Mi formación cristiana
hizo de esta época del año una de las más gozosas.
La
infancia feliz con mi madre montando el nacimiento, preparando el guiso de las
hallacas y mi padre casero, vestido de santa, tocando el viejo piano vertical
que una vez teclearon Padú del Caribe, Pat O’Brien o el risueño Bola de Nieve.

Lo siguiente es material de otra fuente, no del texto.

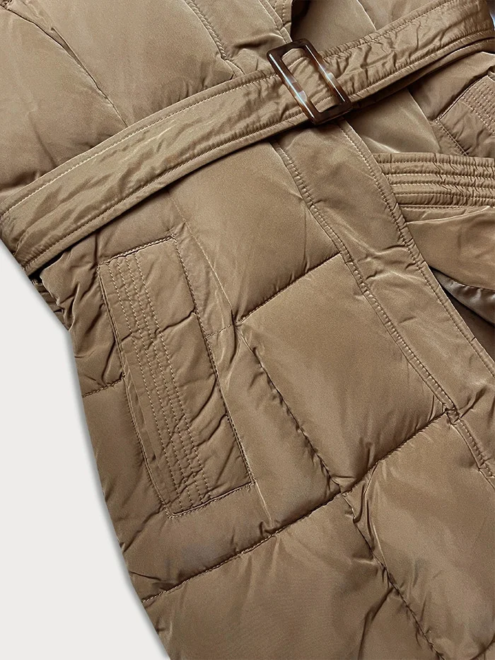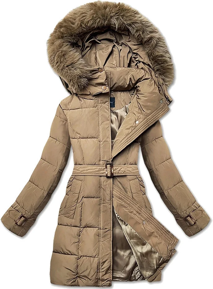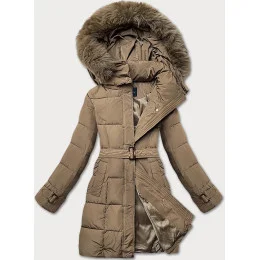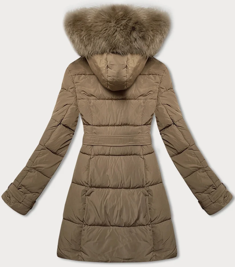 Hnědá dámská zimní bunda s ozdobnými páskami (23MY-208)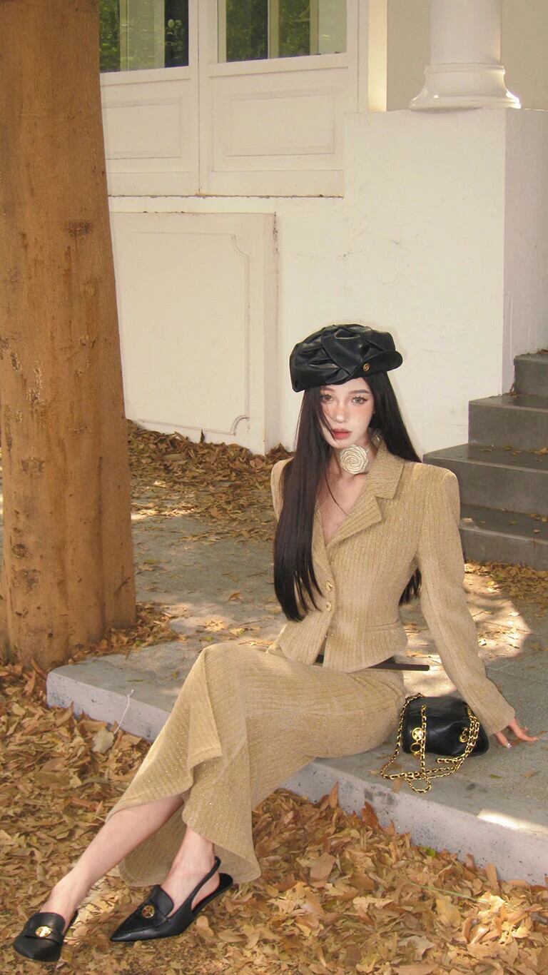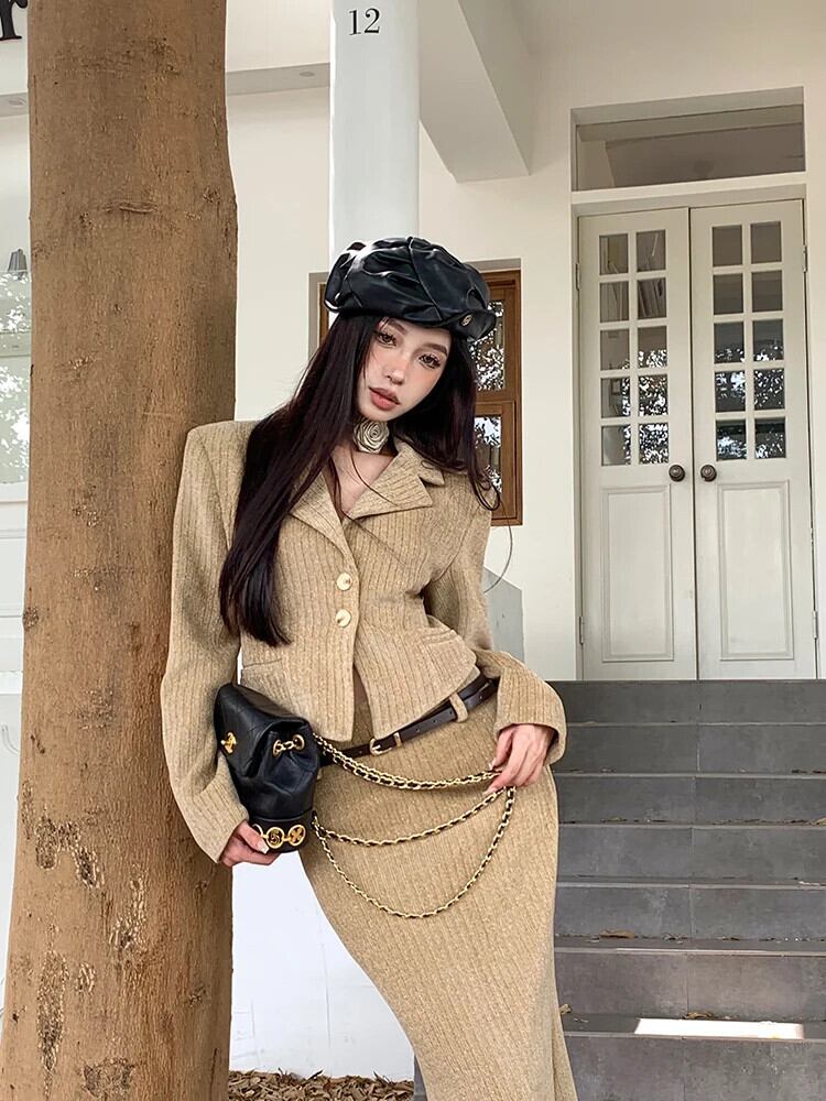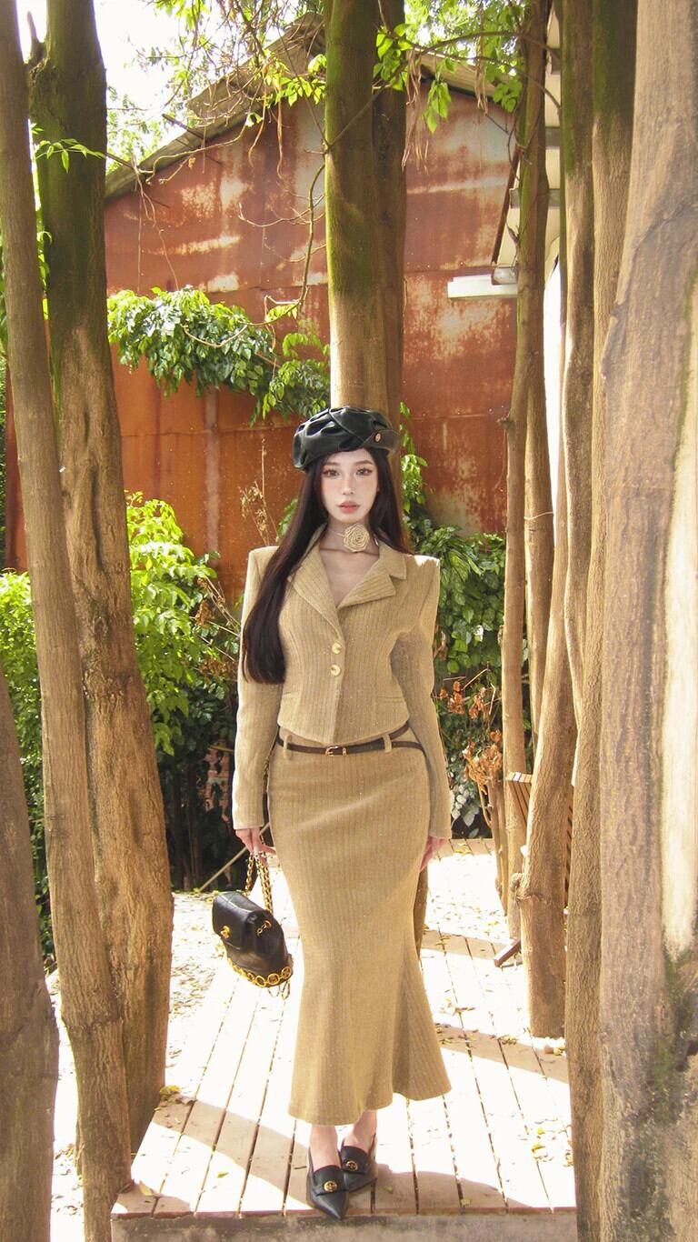オフィスレディ スーツ レディース 秋 長袖 ストライプ コート ラップヒップ ロングスカート 2点セット オータム 秋物 会社 学校 通勤や通学にも

Esa pacífica sensación ambientada con aguinaldos, patines Winchester y juguetes
ocultos para nochebuena, hacían de la navidad una inolvidable experiencia
compartida por toda la familia. Ya crecido, disfruté la temporada comiendo
pescado a la orilla del mar, atrapando luciérnagas en el campo, con amigos,
música, tragos, comida o en silencio en plena reflexión conmigo mismo.
Esta
navidad es diferente, por primera vez en mi vida la depresión embarga mi alma
sensible. Añoro la paz que anunciaban los ángeles infantiles en la natividad,
nuestro resentido país está al borde de un precipicio, dividido socialmente,
con odio, sin orientación, guía ni rumbo, paralizado económicamente, con ruido
de cacerolas en lugar de melodiosos villancicos, sin gasolina, con violencia,
la gente comprando nerviosamente gas, agua potable, velas, enlatados y otros
productos no perecederos, en lugar de pernil, hojas de plátano, gallina, carne
de res y demás ingredientes para preparar las deliciosas “multisápidas”

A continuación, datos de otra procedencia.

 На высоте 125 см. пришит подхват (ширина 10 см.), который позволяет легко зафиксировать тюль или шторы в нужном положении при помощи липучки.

hallacas. Tengo ganas de llorar, olvidaré ese falso adoctrinamiento machista
que me inculcaron cuando niño: los hombres no lloran, no puedo evitarlo,
disculpen amables lectores de esta crónica navideña, pero los lagrimales no
pueden retener un segundo más el fluido, la respiración se hace cada vez más difícil,
la boca está reseca y me arden los párpados; una bomba lacrimógena acaba de
explotar a mis pies en esta triste navidad.